Darah tidak cukup membendung amarah.
Kesakitan tidak cukup terbayar kematian.
Adalah kebencian yang mulai tumbuh.
Membangun jiwa, menggenggam logika.
Engkau tidak harus tau tentang semua.
Karena luka tidak terbagi..
Ketenangan adalah kematianmu.
Kedamaian adalah kesengsaraanmu.
Hingga jiwa terbang melayang,
Adalah cerita yang tak kikis oleh masa.
Hilanglah sudah rasa percaya.
Ketika api kau sulut terlalu jauh.
Dan engkau bangga ?
Engkau benar ?
Semua orang menginginkanmu ?
Kau harus bangga, kau benar, semua orang menginginkanmu, menginginkanmu mati !
Rasa penyesalan yang mendalam akan dirasakan.

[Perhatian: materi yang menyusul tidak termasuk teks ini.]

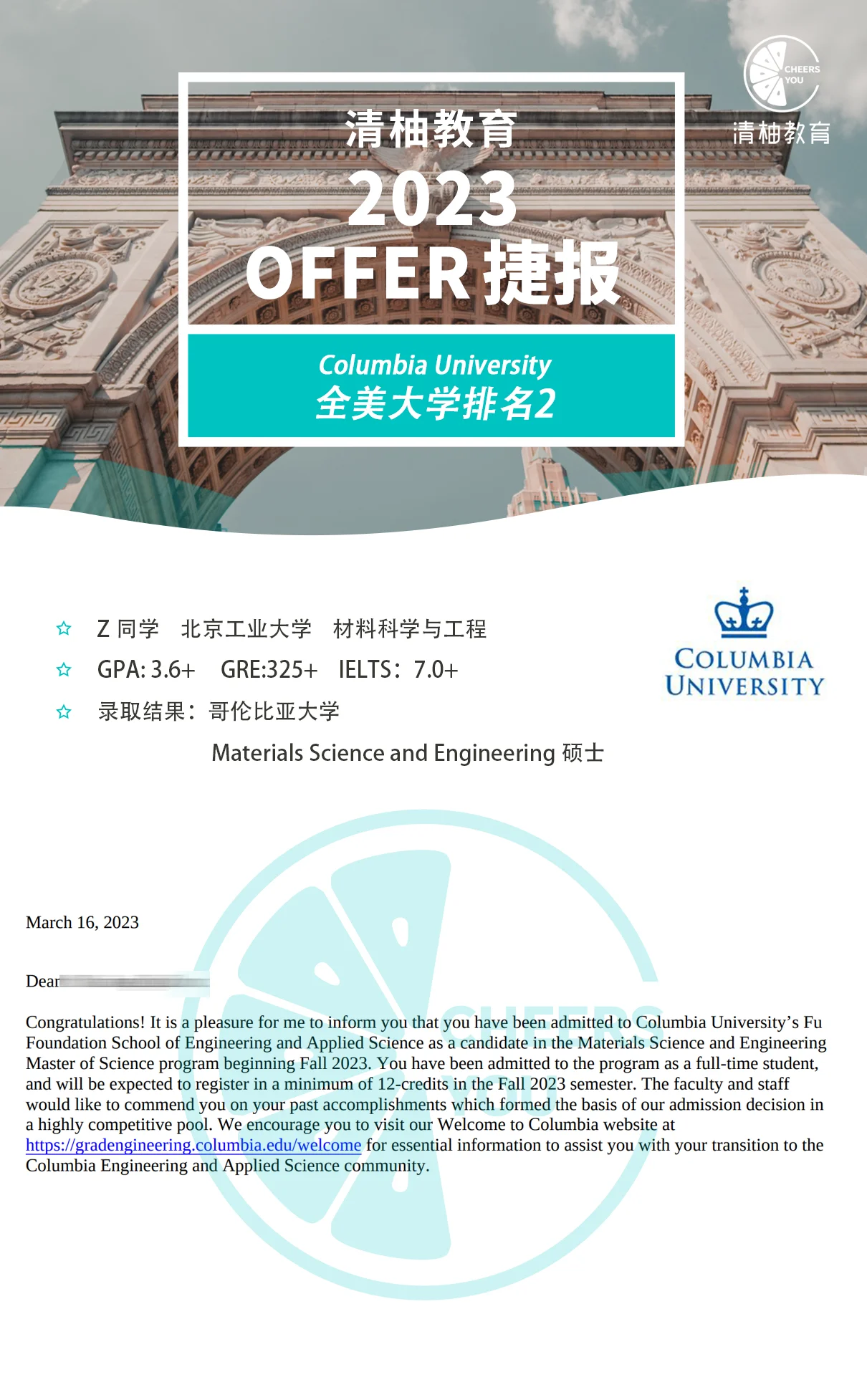 紧随其后的,是他梦校之一的哥伦比亚大学。看到录取结果的那一刻,Jeff甚至觉得这个申请季可以提前结束了。

Kesakitan luar biasa akan kau terima.
Lelah, letih, frustasi.
Semua adalah kenyataan yang harus dihadapi.
Mimpi-mimpi akan mulai mati.
Ilusi hanya bermain dalam imajinasi.
Di alam bawah sadar adalah kehidupan.
Terasing, terpasung, terluka dalam jiwa.
Takan ada kedamaian, takan ada ketenangan..
Hingga penghakiman tiba, bersiaplah untuk tercampakan.
Bersiaplah untuk terasingkan.
Sama seperti diriku yang terhina.
Sama seperti rasaku yang kau sirnakan.
Dendam ini takan hilang dan tenggelam.
Aku adalah kerdil untuk matamu.
Dan aku adalah ancaman nyata untukmu.
Tersenyumlah..
Tertawalah..
Sampai ketika mata terbelalak.
Sampai ketika mulut menganga.
Andai hukum rimba adalah sah dan nyata.
Andai tiada penghakiman penguasa.
Ada dendam yang tak bisa diredam.
Ada darah yang harus terjarah.
Kau adalah kebencian mutlak untuku.
Kau adalah sumber dari segala sakitku.
Satu darah, satu amarah, ada darah yang harus terjarah.